Her hope was that the palloren Jhi had already received from her, which included one of the letters from King Gareth, would lend credibility to the idea that she’d managed to form an armada with the help of her allies.

Time passed slowly as they stood waiting, cloaks pulled close to shelter them from the frigid gusts of wind that stung their cheeks and numbed their noses.
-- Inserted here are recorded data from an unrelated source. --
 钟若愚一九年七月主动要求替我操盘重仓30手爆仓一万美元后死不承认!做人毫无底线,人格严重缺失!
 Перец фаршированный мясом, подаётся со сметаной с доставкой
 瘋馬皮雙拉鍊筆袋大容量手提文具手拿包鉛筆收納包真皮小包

Dread crept into Charis’s thoughts as the hour she’d given played out with no sign of Jhi.

She was going to have to somehow appear to make good on her threat.

“Captain,” she called with bold confidence, “send pallorens to every admiral in our armada and instruct them to send a contingent of warships to Embre. Let them know we will wait in this harbor until they arrive.”
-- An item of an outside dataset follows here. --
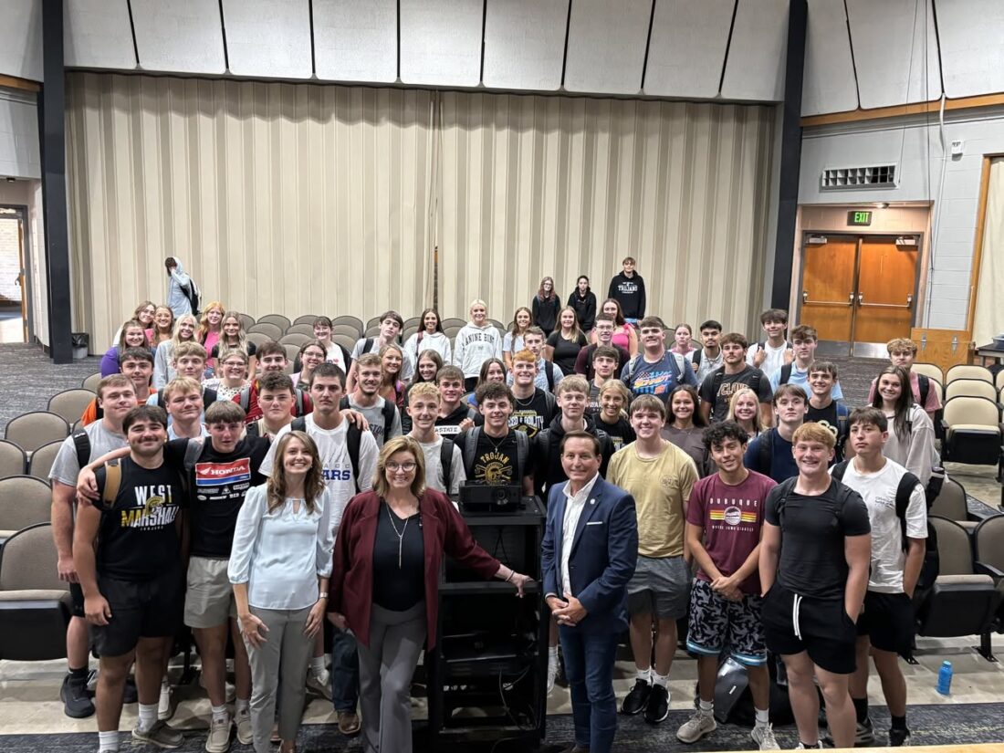 On Thursday, Aug. 28, Iowa Secretary of State Paul Pate presented to the four-time Carrie Chapman Catt Award winners, West Marshall High School, in celebration of their participation in the 2025-2026 Catt Award program. This is the school’s fifth year participating in the program.

“Yes, Your Majesty.” Orayn didn’t hesitate. Turning, he shouted, “Ready the pallorens!”

“Wait!” The spokeswoman for the Embrian delegate stepped forward again. “Chancellor Jhi will not allow you to disembark, but he will grant you a brief audience aboard your ship.”
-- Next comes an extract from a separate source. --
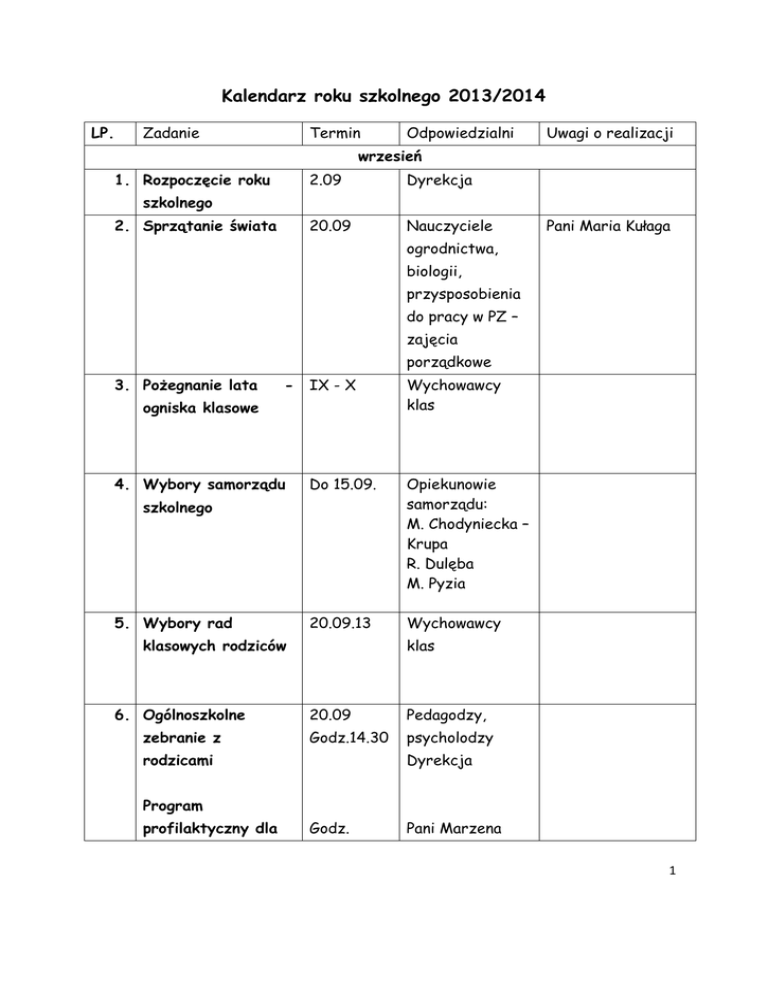 Kalendarz roku szkolnego 2013/2014 LP. Zadanie Termin Odpowiedzialni Uwagi o realizacji wrzesień 1. Rozpoczęcie roku 2.09 Dyrekcja 20.09 Nauczyciele szkolnego 2. Sprzątanie świata Pani Maria Kułaga ogrodnictwa, biologii, przysposobienia do pracy w PZ – zajęcia porządkowe 3. Pożegnanie lata - IX - X Wychowawcy klas Do 15.09. Opiekunowie samorządu: M. Chodyniecka – Krupa R. Dulęba M. Pyzia 20.09.13 Wychowawcy ogniska klasowe 4. Wybory samorządu szkolnego 5. Wybory rad klasowych rodziców 6. Ogólnoszkolne zebranie z klas 20.09 Pedagodzy, Godz.14.30 psycholodzy rodzicami Dyrekcja Program profilaktyczny dla Godz. Pani Marzena 1 rodziców klas 16.00 Suska 7. Wdrożenie konkursu na wzorowego ucznia i systemu wzmocnień pozytywnych 8. Dzień głośnego czytania 30.09 Samorząd szkolny Pedagodzy – po opracowaniu zmian w WSO K. Lesiecka J. Florek 9. Projekt „Ruch to zdrowie” – spotkanie z lekarzem Po P. Moskal uzgodnieniu z gościem gimnazjalnych – postępowanie z dziećmi w sytuacjach kryzysowych 29.09 Apel szkolny październik 10. Święto Edukacji 14.09 Narodowej Wychowawcy internatu M. Smelcerz M. Walaszek R. Dulęba B. Basta M. Jania S. Pasieka B. Bukowiec H. Bartnik 11. Projekt „Ruch to zdrowie – sportowy Ustalony M. Ciężadło na bieżąco okrągły stół 12. Projekt „Ruch to L. Staszek 2 zdrowie – Bieg P. Staszek Leliwitów P. Moskal 13. Projekt „Ruch to 12.10 A.Fudali – Rzepka zdrowie – II K. Niemiec Ogólnopolskie P. Moskal Zawody w Wspinaczce 14. Projekt „Ruch to D. Rucińska zdrowie – zawody pływackie 15. Projekt „Ruch to M. Smelcerz zdrowie – szkolne A. Mazur biegi przełajowe A. Sieniawska Zaklikiewicz 16. Wdrożenie projektu J. Małek „Radosna przyszłość E. Troszyńska – – zdrowy uśmiech” Pieprzycka w szkole A. Tyńska – podstawowej Klesiewicz M. Jania listopad 17. Święto Zmarłych 1.11.2013 Dzień ustawowo Piątek wolny 18. Dzień Misia U. Lonc Plebanek 19. Narodowe Święto Niepodległości 8.11 lub A.Szumlańska Forma dostosowana 12.11 A. Gzyl do możliwości M. Jeleń uczniów U.Lonc-Plebanek 20. Narodowe Święto Niepodległości 11.11.2013 Dzień ustawowo Poniedziałek wolny 3 21. Projekt „Ruch to S. Smelcerz zdrowie - Szkolny D. Rucińska turniej tenisa K. Siedlecka stołowego 22. Projekt „Ruch to zdrowie - A.Mazur Wychowawcy klas K. Siedlecka przygotowują Spotkanie ze dzieci do spotkania, sportowcem wyszukują materiały o karierze sportowej 23. Projekt „Ruch to zdrowie – mini kurs D. Rucińska Pogadanka i zajęcia E. Głąb praktyczne z pierwszej pomocy udziałem ratowników medycznych 24. Wycieczka do W. Wojtanowski Zwiedzanie PWSZ obiektów, w Tarnowie obserwacja treningu drużyny siatkarek 25. Zakończenie Apel szkolny Opiekunowie projektu „WF z samorządu klasą” szkolnego P. Moskal 26. Wdrożenie projektu E. Troszyńska - literackiego Pieprzycka „Poetycka podróż z M. Jania lokomotywą” w B. Basta klasach dla J. Małek autystyków 27. Święto Patrona Konkurs szkolny – twórczość 4 Juliana Tuwima dla dzieci G. Wróblewska D. Łukasik M. Gomułka 28. Festiwal „Śpiewaj z 17 -19.11.13 Bartnik H. Nami” Szumlańska A. Prusak M. 29. Andrzejki 27.11 Nauczyciele w – f: M. Trześniowska E. Głąb A. Bąk 30. Święto zdrowego G. Broda gotowania M. Łukasińska J. Damian grudzień 31. Mikołajki 6.12 Wychowawcy klas w miarę możliwości : M. Trześniowska E. Głąb B. Bukowiec – dzieci młodsze 32. Wigilie klasowe 18-20.12 Wychowawcy klas i grup 5 przedszkolnych 33. Opłatek 22.12.13 34. Zimowa przerwa 23.12 - świąteczna 35. Dni wolne od zajęć Katecheci 31.12 2.01.-3.01 dydaktycznych 36. Święto Trzech Króli 6.01.2014 styczeń 37. Szkolne kolędowanie Nauczyciele muzyki 38. Zabawa karnawałowa A.Tyńska M. Tatar M. Skwirut A. Bąk M. Łukasińska J. Damian 39. Projekt „Ruch to A.Zaklikiewicz zdrowie” – szkolny D. Rucińska turniej badmintona A. Mazur P. Moskal 40. Projekt „Ruch to zdrowie” – serduszkowce zawody pływackie WOŚP 41. Projekt „Ruch to zdrowie” – polscy Wychowawcy Opracowanie nauczyciele w-f informacji na mistrzowie temat ich kariery paraolimpijscy: sportowej i N. Partyka sukcesów M. Michalski życiowych, 6 K. Piekart korespondencja ze K. kucharczyk sportowcami. G. Pluta Korespondencja ze sportowcami 42. Projekt „Ruch to D. Rucińska Siemiechów zdrowie” -Wyjazdy M. Ciężało Lubinka narciarskie A .Mazur 43. Projekt „Ruch to Nauczyciele Wspólne oglądanie zdrowie” - świetlicy występów polskich Igrzyska olimpijskie szkolnej reprezentantów, w Soczi Wychowawcy kibicowanie w klas sportowej Nauczyciele atmosferze. informatyki Wyszukiwanie informacji w prasie i Internecie 44. Próbny sprawdzian i K. Chłopek egzamin gimnazjalny A. Gzyl luty 45. Walentynki 18.02 Samorząd szkolny B. Wajs D. Łukasik A. Bąk – klasy dla autystyków 46. Konkurs piosenek o miłości 47. Dzień języka ojczystego U. LoncPlebanek Nauczyciele języka polskiego Logopedzi 7 48. Ferie zimowe 3-16.02.13 marzec 49. Projekt „Ruch to K. Siedlecka Przeprowadzenie zdrowie” - Konkurs A. Mazur konkursu i plastyczny „Zimowe M. Trześniowska organizacja Igrzyska S. Pasieka wystawy w holu Olimpijskie” 50. Projekt „Ruch to szkolnym 21.03 Konkurs małych zdrowie” - form tanecznych powitanie wiosny 51. Projekt „Ruch to zdrowie” – nornic Prezentacja M. Ciężadło multimedialna M. Siedlecka wolking Nauka techniki i wyjście w plener w ramach lekcji w-f. kwiecień 52. Sprawdzian w kl.6 1.04 53. Rekolekcje 14- 16.04 PSZE, PSZN wielkopostne 54. Wiosenna przerwa 17 – 22.04 świąteczna M. Smelcerz R. Dulęba B. Basta M. Jania B. Bukowiec A. Miotła 55. Egzamin gimnazjalny 23.04 PSZE, PSZN 56. Egzamin gimnazjalny 24.04 PSZE, PSZN 57. Egzamin gimnazjalny 25.04 PSZE, PSZN 58. Dzień Ziemi Konkurs 26.04 8 ekologiczny K. Kłosowicz S. Pasieka P. Moskal U. Mędzelowska 59. Festiwal gier i zabaw sportowych 60. Dzień Papieski S. Smalcerz Zawody na M. Ciężadło wszy

Relief rushed through Charis as she nodded to Holland. He said, “We will welcome Chancellor Jhi and assure his safety while in our presence. Captain, stay those pallorens until we speak with the chancellor.”

Orayn yelled his counterorder as just beyond the craggy shoreline, a retinue approached the dock.

Chancellor Jhi was a short, middle-aged man with a graying black beard, brown skin, and a wickedly curved axe strapped across his back. His dark umber robe was embroidered with intricate swirls of peacock blue and brilliant yellow. Five guards in peacock-blue uniforms edged in scarlet accompanied him as he made his up the gangplank with measured, stately steps.

Charis appreciated a show of power when she saw one, though the effect was somewhat diminished by the fact that he’d come to her because his warriors had been unable to force her to comply. And because he was afraid of her nonexistent armada.

“Chancellor Jhi.” She extended her hand.

“Queen Charis.” He took her hand and raised it to his lips. His mustache scraped across her skin, and she suppressed a shiver of revulsion.

“Please, join me in our mess hall. I’m afraid it isn’t as elegant a meeting place as I’d hoped to enjoy for our first conversation, but it will have to do.” Her words were barbed beneath their polite veneer.

“Elegant surroundings are reserved for our invited guests.” Jhi’s polite veneer wore as thin as her own.

That was fine. Charis was well versed in navigating tricky political waters with an opponent who thought they were the predator and she the prey. They never realized their mistake until it was too late.

Jhi sat on one side of a long wooden table, his guards standing at attention beside him. Charis sat opposite him, Holland and Ayve standing to her right and on her left, Orayn, Finn, and Reuben forming a protective semicircle around the group, with Reuben close to Holland in case he needed to leap across the table to meet an oncoming threat.

If you needed information from an opponent, you waited to see how they would steer the conversation and played a careful game of cat and mouse, hunting for the crumbs they unwittingly dropped. But if you wanted to establish dominance and quickly maneuver an opponent into a corner, you went for the jugular and held your grip until they surrendered.

Charis needed Jhi to feel backed into a corner, and she needed it fast. Before the Rakuuna who hunted her closed in, making a safe transfer of the poison impossible.

“I trust you received the palloren with messages from both me and King Gareth of Solvang. Because you understand the severity of the situation Calera faces, I will do you the courtesy of coming right to the point.” She leaned forward, her words sharp as a blade.

“Every allied kingdom in the east and the north has made a commitment to drive the Rakuuna from Caleran lands except you and Rullenvor. Rullenvor has been overtaken by the Rakuuna, and we believe their High Emperor is dead, so I expected no help from that quarter. However, I certainly expected the kingdom closest to Te’ash to be concerned about the Rakuuna’s colonization efforts and to join forces with the rest of us to defeat them. But you didn’t, did you?”